> THE DATA

Segment Open

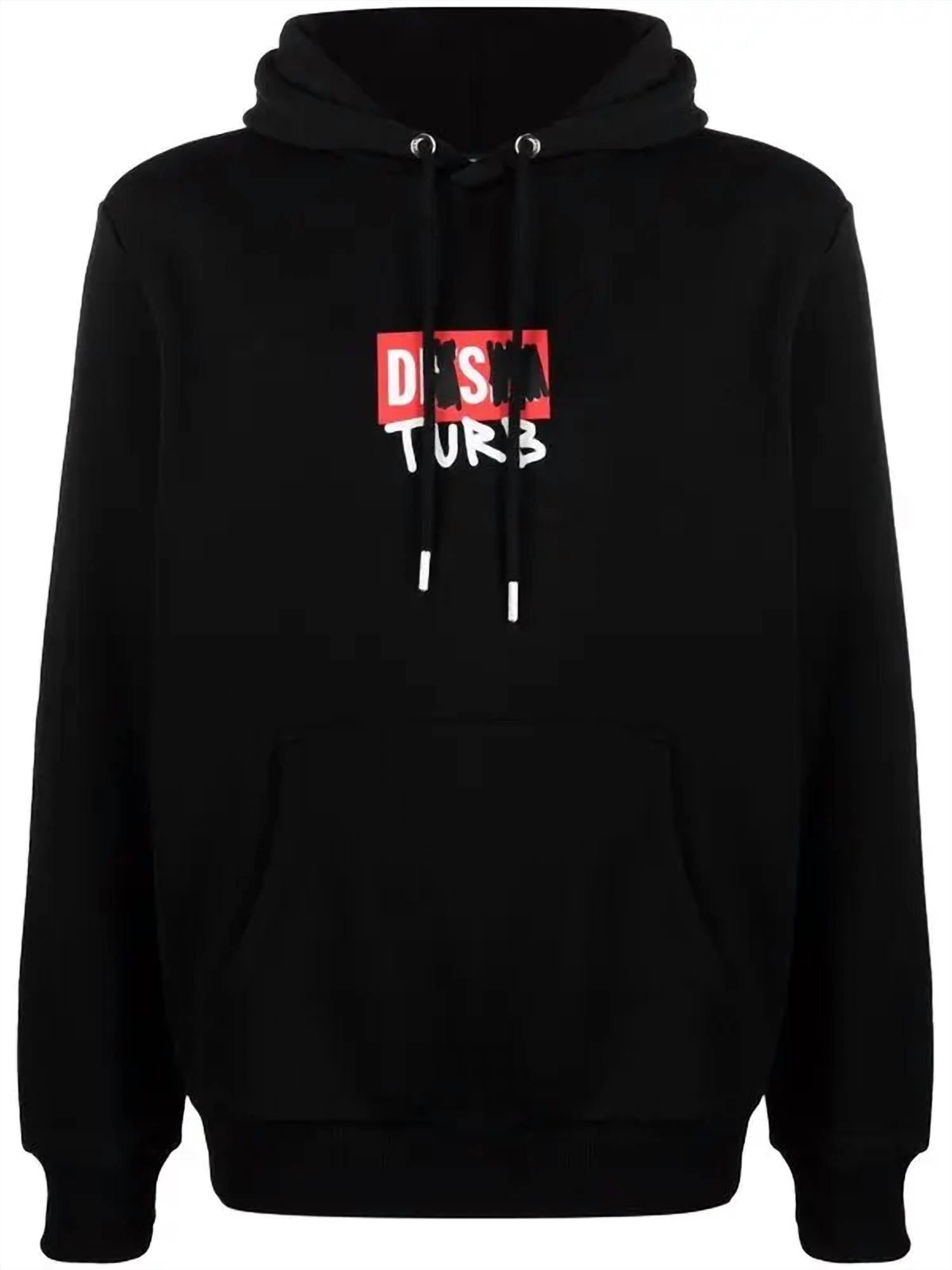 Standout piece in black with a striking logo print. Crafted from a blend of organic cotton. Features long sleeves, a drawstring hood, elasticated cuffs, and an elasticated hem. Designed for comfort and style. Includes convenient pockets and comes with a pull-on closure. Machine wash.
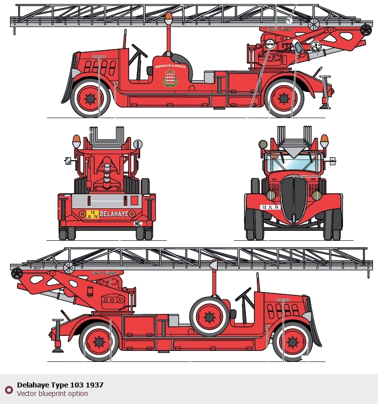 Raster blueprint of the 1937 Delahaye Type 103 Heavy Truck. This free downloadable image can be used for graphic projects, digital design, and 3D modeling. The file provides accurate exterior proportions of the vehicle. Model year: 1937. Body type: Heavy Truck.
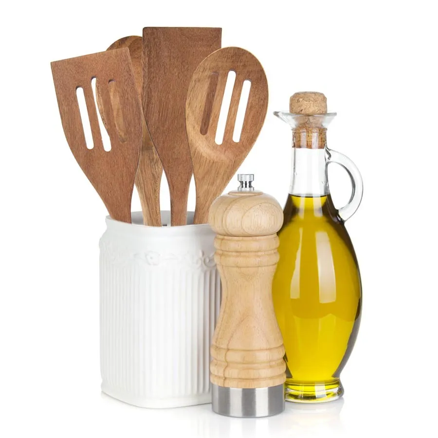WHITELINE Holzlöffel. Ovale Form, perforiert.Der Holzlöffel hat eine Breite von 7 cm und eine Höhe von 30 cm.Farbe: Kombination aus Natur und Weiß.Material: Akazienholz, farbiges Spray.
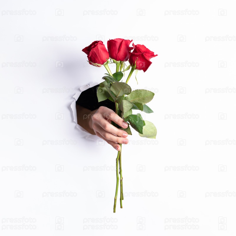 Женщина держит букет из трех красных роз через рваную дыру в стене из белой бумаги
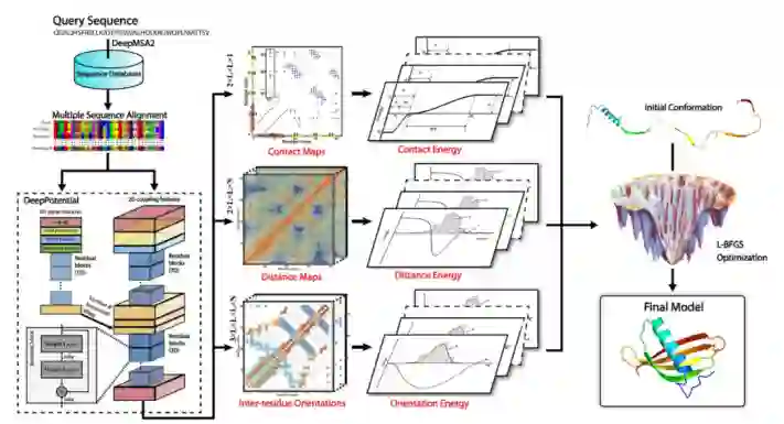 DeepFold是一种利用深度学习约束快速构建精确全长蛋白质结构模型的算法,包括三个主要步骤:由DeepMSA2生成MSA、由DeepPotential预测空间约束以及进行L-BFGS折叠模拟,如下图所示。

Segment Closed
Segment Open

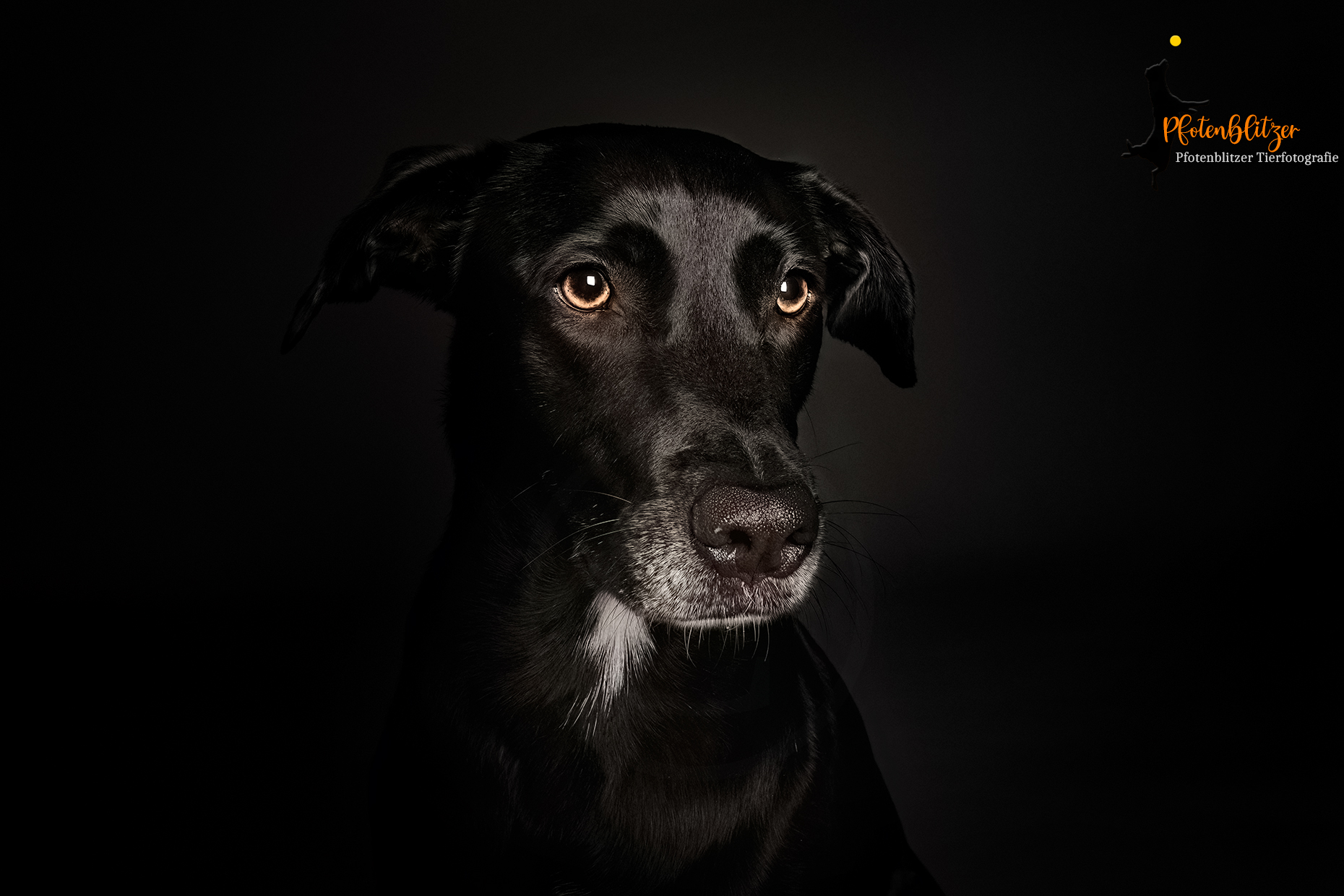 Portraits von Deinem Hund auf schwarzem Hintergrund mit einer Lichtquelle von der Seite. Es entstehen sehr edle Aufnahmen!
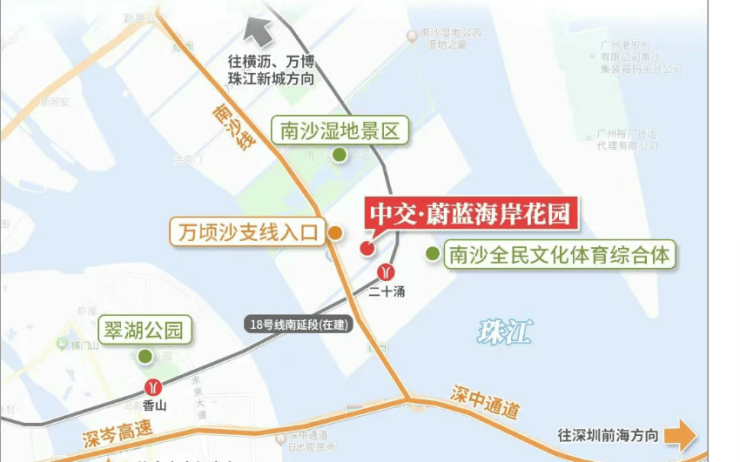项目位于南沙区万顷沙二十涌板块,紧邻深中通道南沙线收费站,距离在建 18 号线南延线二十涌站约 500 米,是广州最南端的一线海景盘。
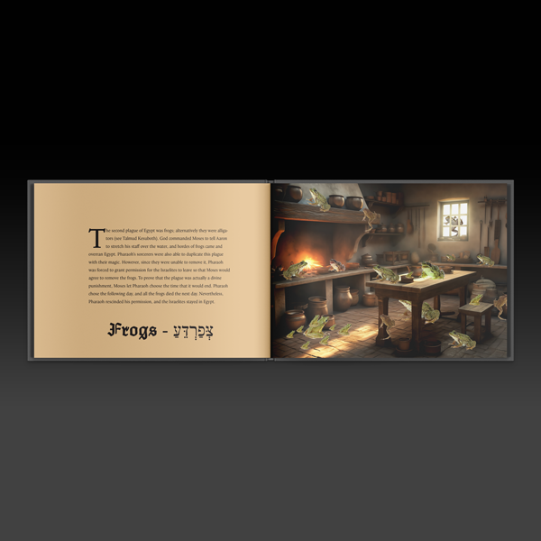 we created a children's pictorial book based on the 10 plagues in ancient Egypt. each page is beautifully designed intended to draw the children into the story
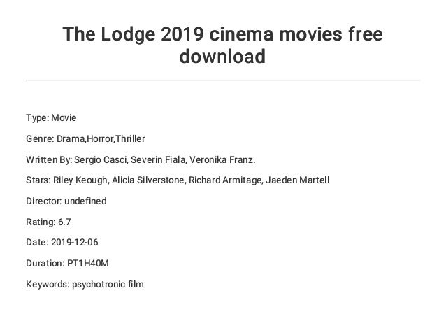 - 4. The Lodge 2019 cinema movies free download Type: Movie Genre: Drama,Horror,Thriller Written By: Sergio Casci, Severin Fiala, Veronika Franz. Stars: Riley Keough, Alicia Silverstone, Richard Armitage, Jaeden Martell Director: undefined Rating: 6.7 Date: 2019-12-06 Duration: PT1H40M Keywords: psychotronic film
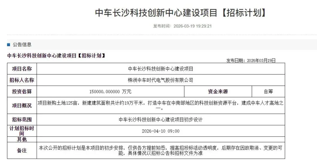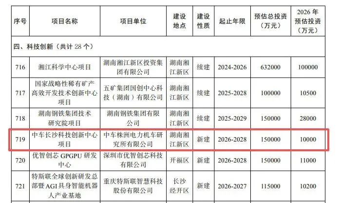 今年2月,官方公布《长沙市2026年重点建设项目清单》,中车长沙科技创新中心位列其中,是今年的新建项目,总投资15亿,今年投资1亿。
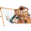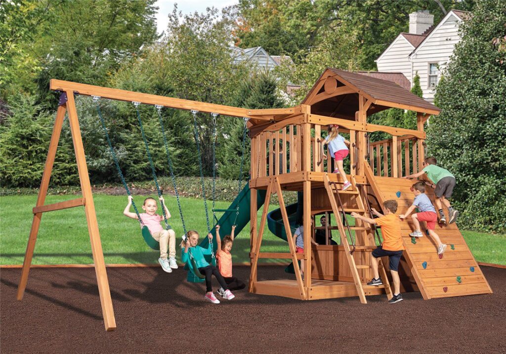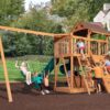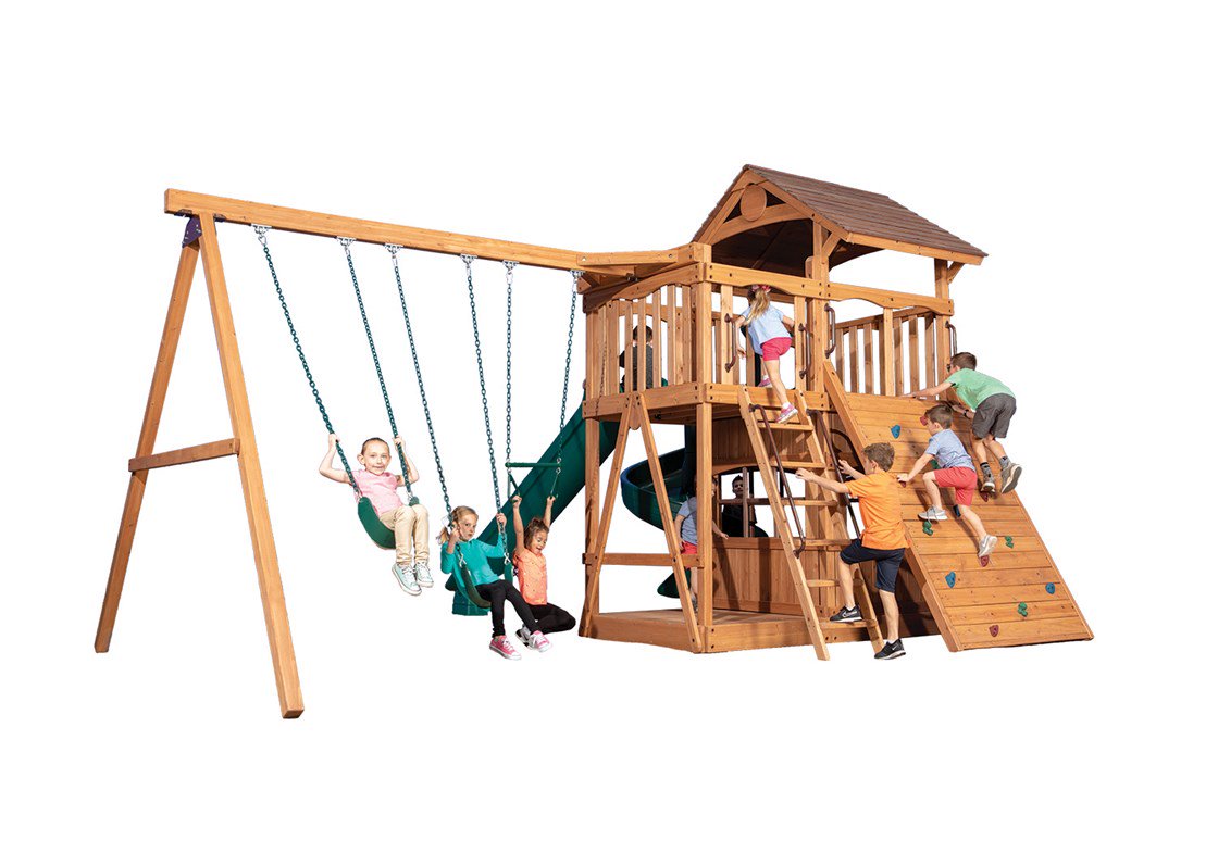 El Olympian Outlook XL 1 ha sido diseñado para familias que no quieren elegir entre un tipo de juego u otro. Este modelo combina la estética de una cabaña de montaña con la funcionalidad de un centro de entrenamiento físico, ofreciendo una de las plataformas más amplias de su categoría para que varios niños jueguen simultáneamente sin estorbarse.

Segment Closed
Segment Open

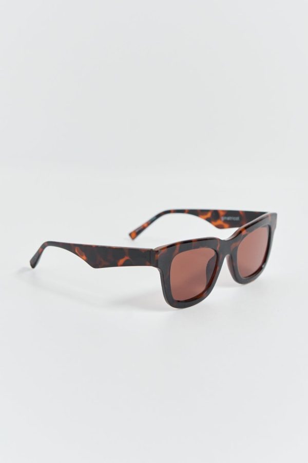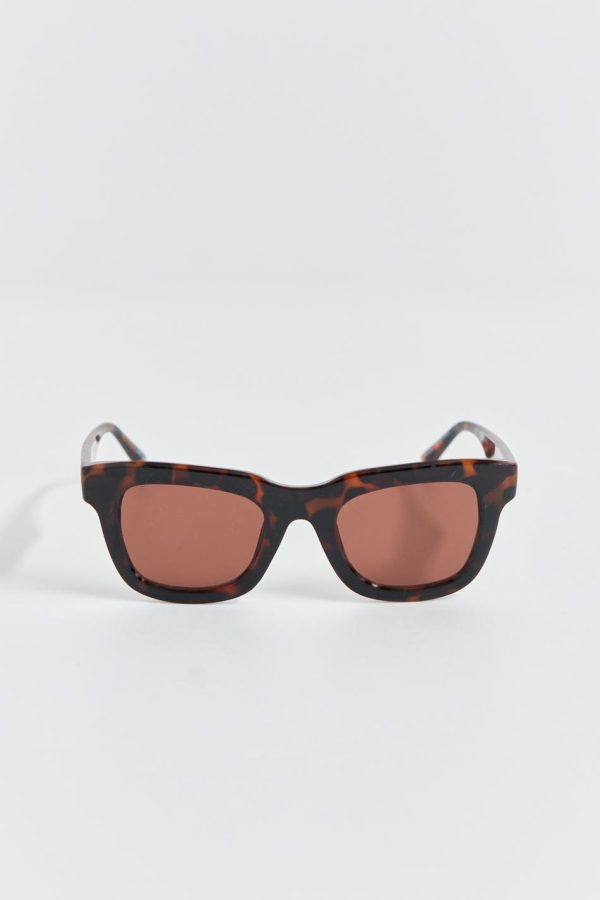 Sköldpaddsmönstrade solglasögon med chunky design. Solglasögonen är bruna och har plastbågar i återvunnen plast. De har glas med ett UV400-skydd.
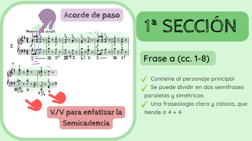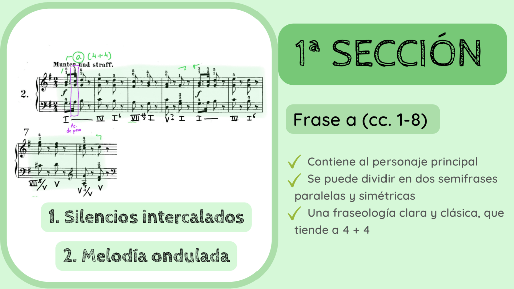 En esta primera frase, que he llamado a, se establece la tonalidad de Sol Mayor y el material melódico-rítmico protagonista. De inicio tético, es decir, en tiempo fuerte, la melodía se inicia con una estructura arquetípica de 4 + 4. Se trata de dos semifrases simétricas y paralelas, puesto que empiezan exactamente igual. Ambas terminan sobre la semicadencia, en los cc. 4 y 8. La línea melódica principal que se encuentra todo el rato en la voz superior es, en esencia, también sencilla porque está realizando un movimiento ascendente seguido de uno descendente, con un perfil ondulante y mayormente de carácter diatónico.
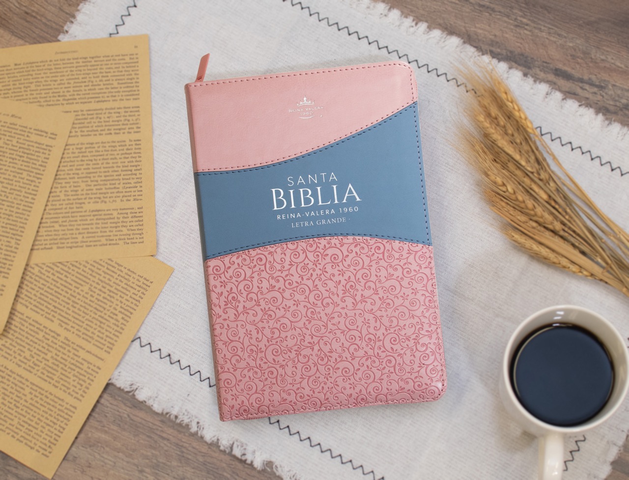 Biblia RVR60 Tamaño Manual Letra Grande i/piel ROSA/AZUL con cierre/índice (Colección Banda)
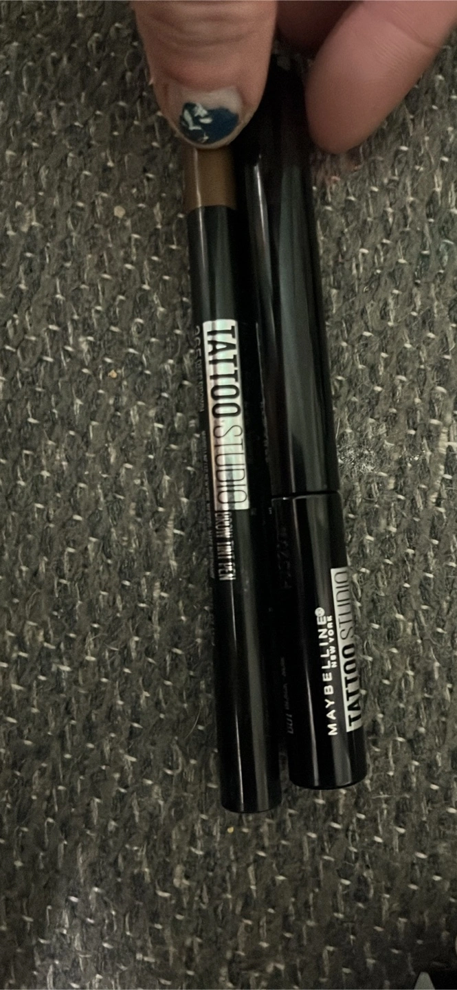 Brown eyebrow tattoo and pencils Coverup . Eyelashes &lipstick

Segment Closed

> PROBLEM TO WORK ON
Now transcribe the lines above exactly, starting at the line containing "Biblia RVR60 Tamaño" and ending at the line containing "Brown eyebrow tattoo", both lines included, pictures excluded.

> RESPONSE BOX
 Biblia RVR60 Tamaño Manual Letra Grande i/piel ROSA/AZUL con cierre/índice (Colección Banda)
 Brown eyebrow tattoo and pencils Coverup . Eyelashes &lipstick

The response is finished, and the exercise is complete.